Here ‘mono’ means a wheelie, or at least did when I grew up.
Needs Sunlight said,
June 8, 2011 at 2:04 am
Hasn’t this happened before, those that followed COM or DCOM were also left hanging?
Dr. Roy Schestowitz Reply:
June 8th, 2011 at 2:23 am
Got links to back this with? Might be handy….
Needs Sunlight Reply:
June 8th, 2011 at 3:30 am
No links off hand. This was back with XP SP2 broke darn near every app written for earlier versions of Windoze.
Dr. Roy Schestowitz Reply:
June 8th, 2011 at 9:23 am
Thanks anyway.
Needs Sunlight Reply:
June 8th, 2011 at 11:13 am
To get the links you’ll have to track down a Windoze user who can help track it down. SP2 was more like full OS upgrade. It was a service pack only in name. Those that followed M$ own APIs got screwed again with the change.
Dr. Roy Schestowitz Reply:
June 9th, 2011 at 4:29 am
There’s more on this subject coming shortly.
twitter Reply:
June 8th, 2011 at 3:47 pm
SP 2 was released before I started keeping failure logs.

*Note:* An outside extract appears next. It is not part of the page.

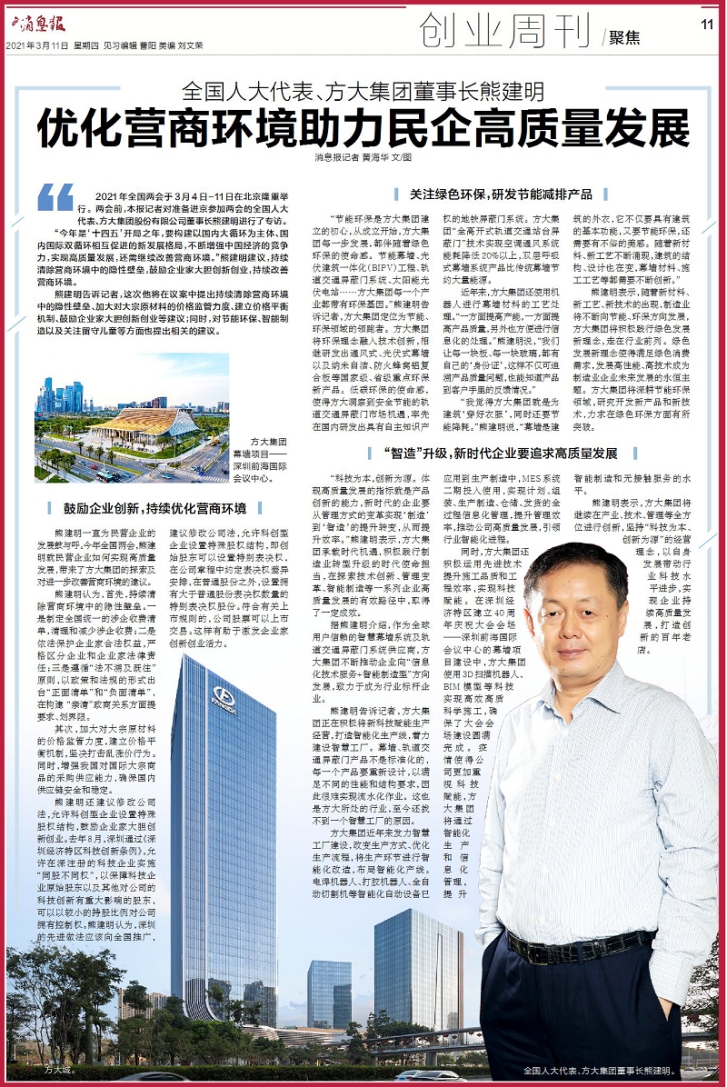 2021年全國兩會于3月4日-11日在北京隆重舉行。兩會前,本報(bào)記者對即將進(jìn)京參加兩會的全國人大代表、方大集團(tuán)股份有限公司董事長熊建明進(jìn)行了專訪。

The release of XP convinced me to get off the upgrade train and I was naive enough to believe that the rest of the world would soon follow given how obvious the performance difference between gnu/linux and Windows was.
Slashdot provides some stories. Google search order is generally gamed towards positive and fluff articles but Slashdot was relatively straightforward at the time. Things are always worse in Windows land than gnu/linux users can imagine because Microsoft’s spin machine is effective. Here is a small list of things goofed up and why/how:
Firewire performance degraded – article links to Microsoft page that states, “This article applies to a different operating system than the one you are using. Article content that may not be relevant to you is disabled.” The fix is a patch and tedious registry editing. Microsoft promoted the technically inferior USB over Firewire, probably to harm Apple.
An article complaining of widespread breakage. Broken networking is listed specifically, comments are spammed.
“Business Programs slowed down. Microsoft boosters claimed the 22% performance hit was for security and they still do but what can you expect from a company that called Vista “the most secure OS ever”?
SP2 was not more secure, had a terrible performance hit due to a buggy “processor driver” (probably ACPI “degrade” problem later complained about by Intel people), and Microsoft blamed malware for their problems.
In 2005 Microsoft made it impossible to run XP without SP2 and also published a partial list of software that would be broken.
There you go. Outside of the last link, I saw no specifics.
Microsoft’s jerk around is more than breaking user’s applications. They often break their own code and the higher up in the Microsoft abstraction layer you get, the worse off you are. Windows 95 api remained relatively stable through at least 2002. Microsoft’s Foundation Class was not so stable, ever. Visual Basic broke things between every release, so coders had to fix everything all the time. I can only imagine how miserable .NET and Silverblight users are. Part of Microsoft’s control of mental input is to make their dependents so busy keeping up with changes that they never have time to consider fundamental change, like choice of OS.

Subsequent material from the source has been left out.